I guess that is a question I have then. Why don't you just make a flat response and then increase the level of the subwoofer over the mains using the receiver sub level control or the actual sub gain control when needed such as when watching movies but when listening to music, decrease the level so that it is flat, which I read that a lot of people do? Isn't this what most people do anyway, i.e. increase the level of the sub 3-4 dB hotter than the mains for watching movies?

I found that with the house curve it might sound fine at a certain volume but when I listened at a louder volume it was too much. I guess if someone always watches movies at a similar volume then that particular house curve would work but I find I am watching movies or listening to music at various volumes depending on who else is watching or who else is in the house at the time.


----------



## brucek (Apr 11, 2006)

> Why don't you just make a flat response and then increase the level of the subwoofer over the mains using the receiver sub level control


Modifying the receiver subwoofer trim control is not really a good idea once you have the input level to the BFD set. See this section in the guide. 
You could adjust the subwoofer amplifier level control though.

Most people simply have two BFD channels of filters set up for music or movies, so it's easy to switch between thetwo..

brucek


----------



## Wayne A. Pflughaupt (Apr 13, 2006)

> I guess that is a question I have then. Why don't you just make a flat response and then increase the level of the subwoofer over the mains using the receiver sub level control or the actual sub gain control when needed such as when watching movies but when listening to music, decrease the level so that it is flat, which I read that a lot of people do?
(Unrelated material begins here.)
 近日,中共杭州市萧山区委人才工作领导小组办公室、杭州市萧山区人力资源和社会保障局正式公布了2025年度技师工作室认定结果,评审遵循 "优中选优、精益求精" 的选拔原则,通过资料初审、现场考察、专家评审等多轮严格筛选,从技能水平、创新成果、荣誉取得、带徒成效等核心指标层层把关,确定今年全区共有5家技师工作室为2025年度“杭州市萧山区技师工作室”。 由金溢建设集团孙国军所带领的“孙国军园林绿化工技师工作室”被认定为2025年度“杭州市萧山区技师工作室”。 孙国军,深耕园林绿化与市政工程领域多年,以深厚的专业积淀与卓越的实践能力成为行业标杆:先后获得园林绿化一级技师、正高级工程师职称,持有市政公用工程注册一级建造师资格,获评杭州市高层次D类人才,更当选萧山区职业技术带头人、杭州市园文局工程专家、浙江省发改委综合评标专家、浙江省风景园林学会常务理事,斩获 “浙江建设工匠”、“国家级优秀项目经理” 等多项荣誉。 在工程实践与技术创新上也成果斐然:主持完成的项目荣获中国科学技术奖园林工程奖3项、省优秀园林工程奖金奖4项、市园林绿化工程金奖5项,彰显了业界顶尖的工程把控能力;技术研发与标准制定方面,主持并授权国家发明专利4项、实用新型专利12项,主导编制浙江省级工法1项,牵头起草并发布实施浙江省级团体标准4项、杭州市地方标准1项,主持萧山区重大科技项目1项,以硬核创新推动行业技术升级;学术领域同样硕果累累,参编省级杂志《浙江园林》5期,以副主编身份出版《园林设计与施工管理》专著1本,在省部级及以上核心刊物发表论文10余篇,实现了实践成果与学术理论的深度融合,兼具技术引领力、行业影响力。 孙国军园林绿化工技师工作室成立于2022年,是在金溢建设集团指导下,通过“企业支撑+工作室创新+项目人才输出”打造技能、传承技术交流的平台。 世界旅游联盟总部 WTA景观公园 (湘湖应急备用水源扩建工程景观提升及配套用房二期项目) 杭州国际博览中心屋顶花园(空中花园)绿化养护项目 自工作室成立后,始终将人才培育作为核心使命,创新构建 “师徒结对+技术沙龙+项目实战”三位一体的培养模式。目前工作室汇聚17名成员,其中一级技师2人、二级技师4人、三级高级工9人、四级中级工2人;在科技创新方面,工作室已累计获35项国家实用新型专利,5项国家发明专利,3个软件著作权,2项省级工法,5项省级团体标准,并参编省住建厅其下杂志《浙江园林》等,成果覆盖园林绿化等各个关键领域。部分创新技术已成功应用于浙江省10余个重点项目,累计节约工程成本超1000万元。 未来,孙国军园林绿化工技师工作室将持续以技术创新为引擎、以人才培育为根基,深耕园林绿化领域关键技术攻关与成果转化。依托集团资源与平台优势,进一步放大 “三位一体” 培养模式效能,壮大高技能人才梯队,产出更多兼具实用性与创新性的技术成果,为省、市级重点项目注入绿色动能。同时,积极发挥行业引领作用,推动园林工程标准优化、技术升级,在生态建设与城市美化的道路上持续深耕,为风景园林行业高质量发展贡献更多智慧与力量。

I can’t speak for everyone, but I found with music, when the sub was flat, that the bass notes got weaker the lower they went. That’s why I curved response upward, so that the relative volume of bass notes remained constant as they went lower. Everyone’s room is different, however. If you’re getting equal fullness with both high and low bass notes with flat response, then you’ve achieved the objective. 



> Isn't this what most people do anyway, i.e. increase the level of the sub 3-4 dB hotter than the mains for watching movies?


Typically so, often even more, depending on the size of the room.

Regards,
Wayne


----------



## Josuah (Apr 26, 2006)

I think I read the house curve article posted here and it talked about how it used pink noise. Pink noise deals with the subjective difference in sound for us humans, but using that as the basis of your calibration is sort of like calibrating for what our brains tell us makes sense to hear, versus what a measurement mic tells us makes sense to hear. Sort of. That isn't very clear at all.

Anyway, the point is as frequency increases volume should decrease if you want your brain to think the volume is actually the same for all frequencies, when those frequencies are played together. That's why white noise, where all frequencies are played back with equal energy, sounds like there is too much high frequency information in it. Whereas pink noise sounds like all frequencies are represented equally.


----------